A fund for worried bulls

Fearful that a near 10-year equities bull run is running out of steam? Manager Freddie Lait thinks his outperforming Latitude Horizon fund could be for you.

What’s your investment approach to running a global diversified fund, and which stocks exemplify your strategy?

We do use single stocks as the core engine of our diversified growth fund. Now, that’s different to half of the market who use the more systematic, index-based, asset allocation modelling approach to investing in diversified growth funds.

We’re very, very keen to keep it fundamental and keep the process simple, so single stocks form the basis of that process and within them, we run a very, very style-agnostic approach to investing in stocks. It’s a very long-term approach where we invest just as happily in compound-growth stocks as high-growth stocks as turnaround stories and value portfolio stocks.

So, we would look at a portfolio that contains Tesco, Royal Mail, Google, Unilever, and enjoy that offsetting ability within the portfolio, so there’s very, very little tied-up style risk.

Alongside that, we use the non-equity investments like currencies, commodities, gold, and things like that, and bonds, to offset the risk within our equity portfolio and to add an incremental yield and return to the portfolio. So, you end up with something that feels like a long-term real return that’s similar to equity markets with around a third of the risk.


Almost half the portfolio is allocated to non-equity investments like currencies, bonds and gold. Why?

So, about 50% of the portfolio will always be allocated to non-equity investments, and it’s a very key part of our portfolio. We truly believe the engine of growth within the portfolio will be these single-stock equities that we have where we’ve generated alpha over the long-term in a relatively consistent way, but the non-equities take it even further.

So, we have half the portfolio invested with equity risk, but by adding non-equity investments such as bonds, inflation-linked bonds and currencies, at the moment, we further reduce that risk. Our drawdowns in the market have tended to be around a quarter or a third as much as the market, while our returns, through time, have kept up with stock market returns.

How has the fund performed relative to its objective and peer group since inception? What are the main drivers?

So, the fund has had a very good start, over the last 18 months, we’re up around 11%, which is ahead of stockmarkets and ahead of our main peers who are, sort of, broadly flat to down 5% over the same period. So, we’re very, very pleased with the return of the fund.

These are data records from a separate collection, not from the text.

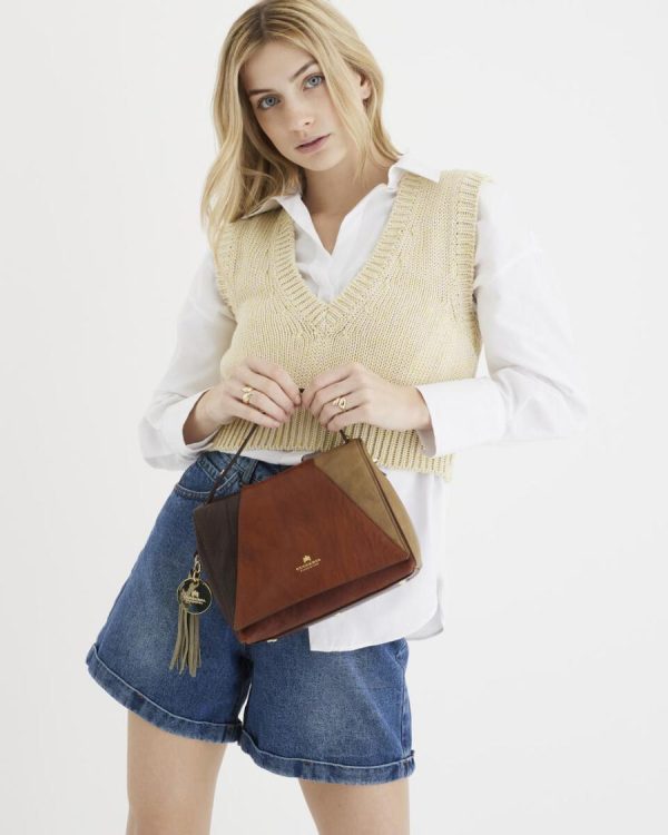 Discover the perfect blend of sophistication and functionality with the Musa Messenger bag. This beautifully crafted bag features an intentionally distressed and textured appearance that adds distinctive character to any outfit. Wear it as a crossbody for hands-free convenience or carry it over the shoulder using the studded handle for versatile styling. The rich, streaked leather showcases stunning light-to-dark variations that create depth and visual interest. This compact yet surprisingly roomy bag organizes your essentials perfectly, making it ideal for both daily use and special occasions. A true statement piece that elevates modern style while embracing eco-conscious craftsmanship.
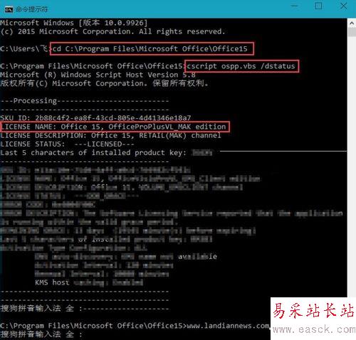 2、打開命令提示符,用cd 命令行進(jìn)入Office 2013的目錄,以上述目錄為例,輸入:cd C:/Program Files/Microsoft Office/Office15 回車,繼續(xù)輸入:cscript ospp.vbs /dstatus 回車
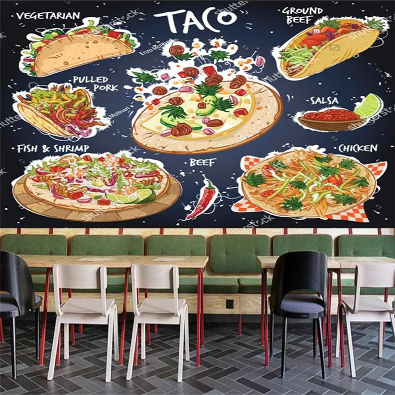 Ручная роспись пиццы Тако салат Фастфуд Ресторан промышленное украшение 3D обои снек бар обои Papel де Parede
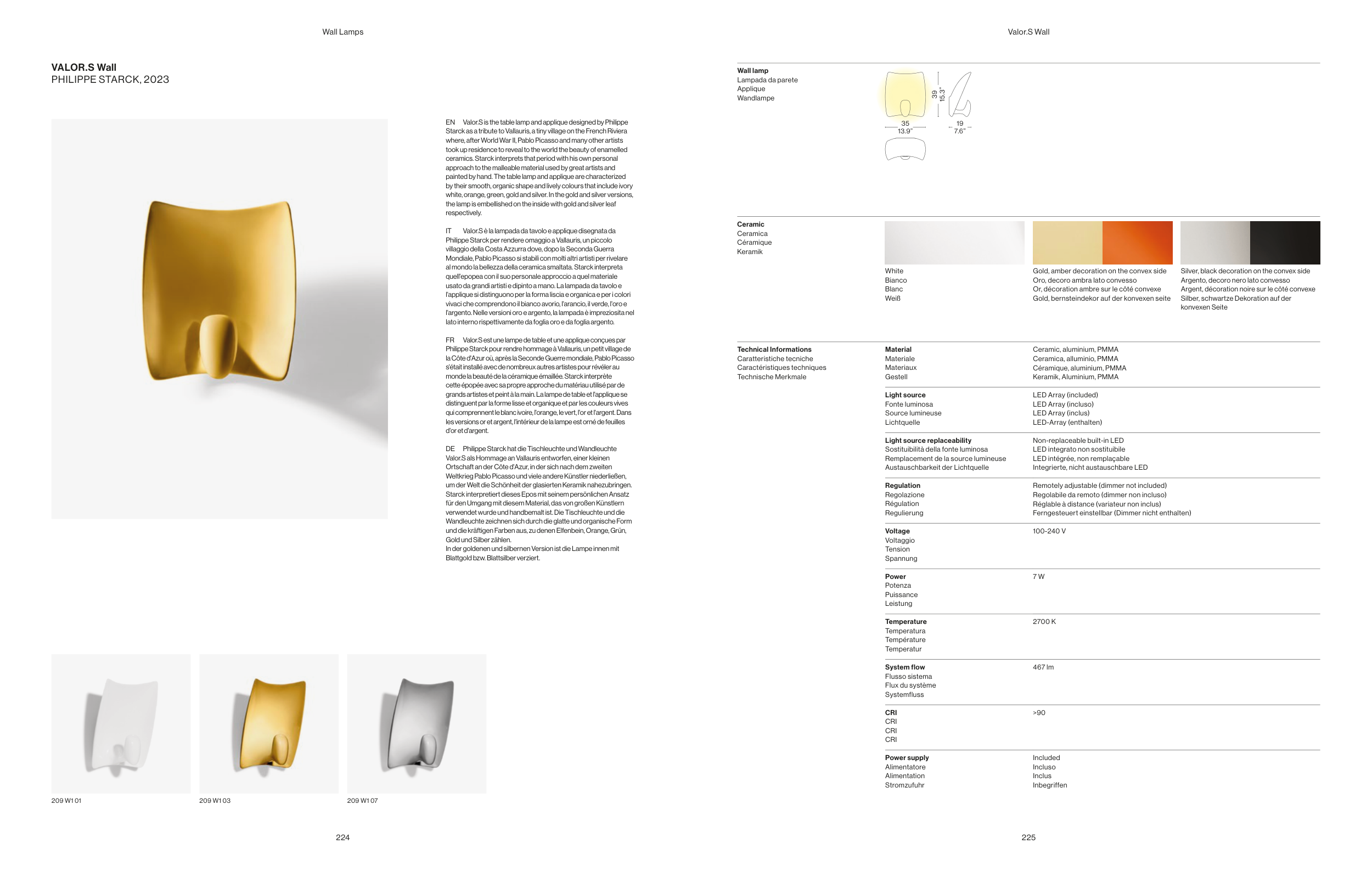 Valor.S is the table lamp and applique designed by Philippe
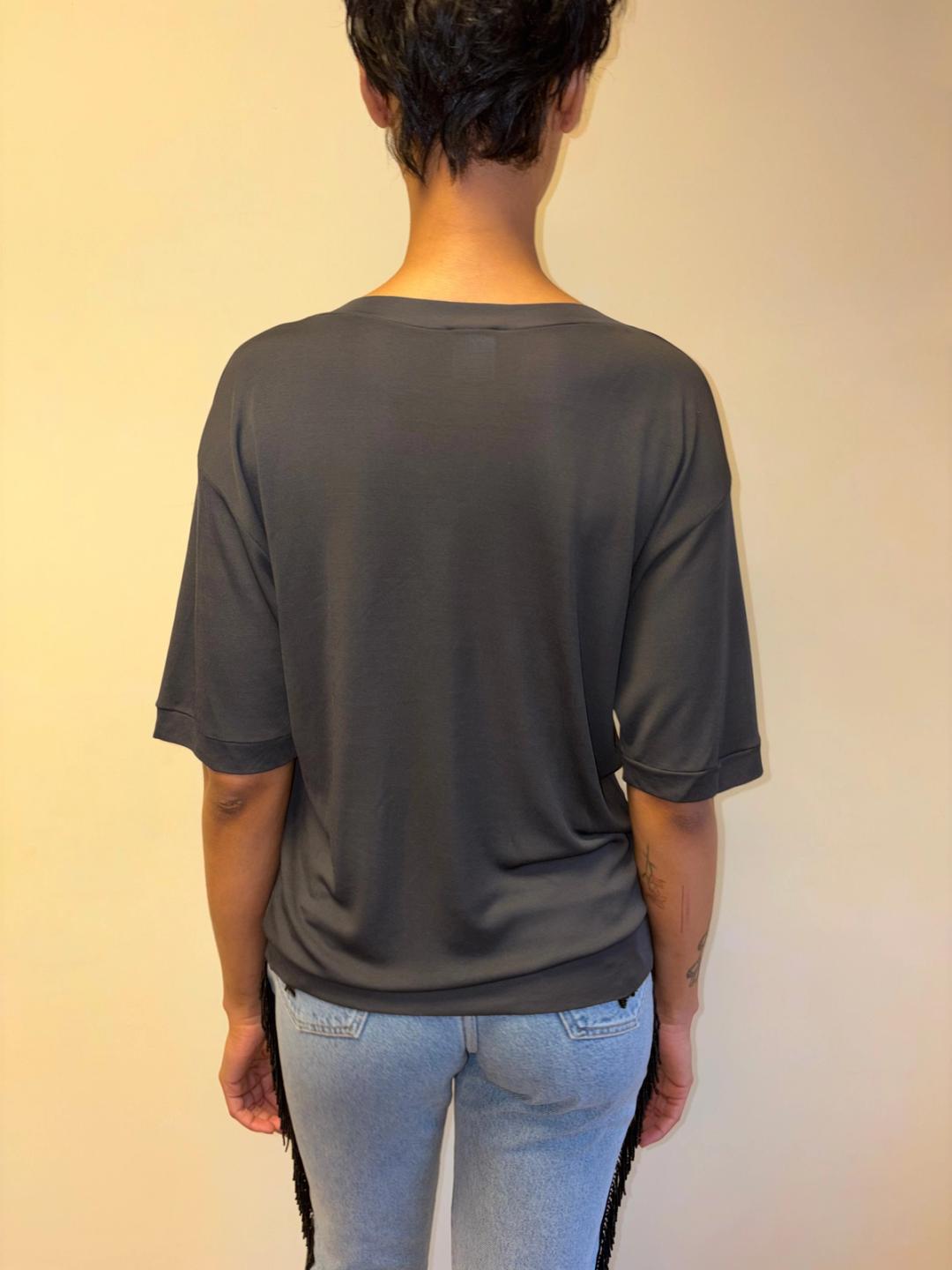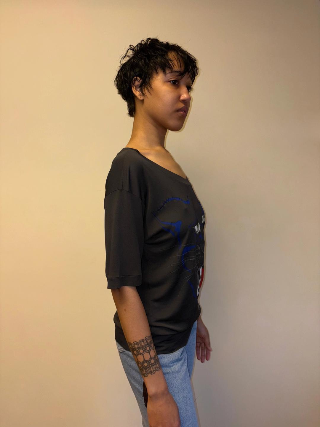Krizia slinky off-the-shoulder top with image of a gorgeous panther from 1984. It is a boatneck style The image is printed beautifully. A bodysuit version of this top is documented in rare issue of Italian fashion magazine 'Donna' from 1984. Made from 100% rayon, made in Italy.
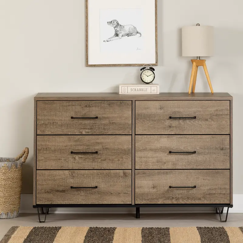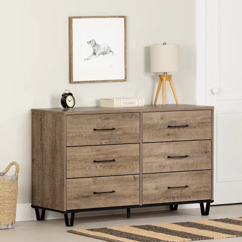 Arlen Weathered Oak 6 Drawer Dresser - South Shore
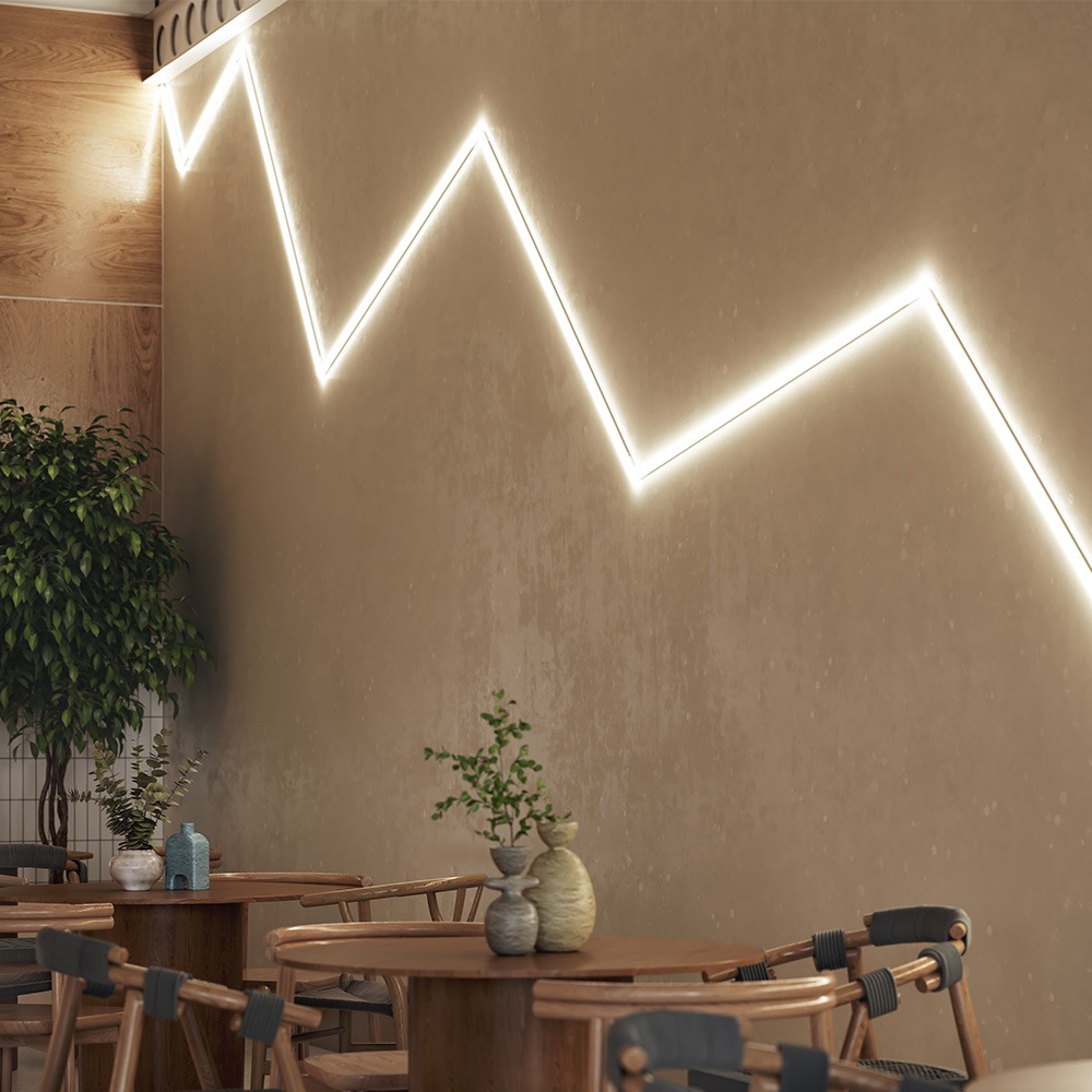 - Le connecteur vertical (90) et le connecteur angulaire (80° – 280°) émettent une lumière qui assure un éclairage continu et homogène.

The objective, as we say, is to try and beat inflation by a meaningful margin over the rolling three-year period, and by ‘meaningful’, we really mean, sort of, 3% to 5%. Given global inflation has been around 2%, we’re, therefore, doing very well compared to that market target.

But the key thing, as well, is in terms of risk, you know, our risk has been very, very positive for us, so in the first quarter of this year, the portfolio was up 1% when the market was down 5%. Over the period that we’ve been running it, the beta of the portfolio has been around 0.3%, which has been exactly in line with our target risk levels.

What type of investor would buy this fund?

It’s a very good question. Hopefully, many different types, but critically, I think it’s people who are worried about a top in the market and worried about the fact that equities have been on a, nearly, ten-year bull run, and are wondering how to contain that exposure and maintain some exposure as well, but reduce their risks to a full-term pullback in the markets.

Our view is that you should always be hedged for a stockmarket pullback, so you can never time them, and there’s a 50/50 chance that, for the next two to three years, the market does carry on going up. Equities continue to be a great inflation hedge and a great source of wealth creation for people.

So, I think it’s for people that understand the value of having equities as a ballast within their portfolio, but those who are probably a little bit nervous about the current market conditions and would rather dip a toe in or pullback their own equity exposure, as opposed to taking a full exposure to an equity fund at this stage in the market.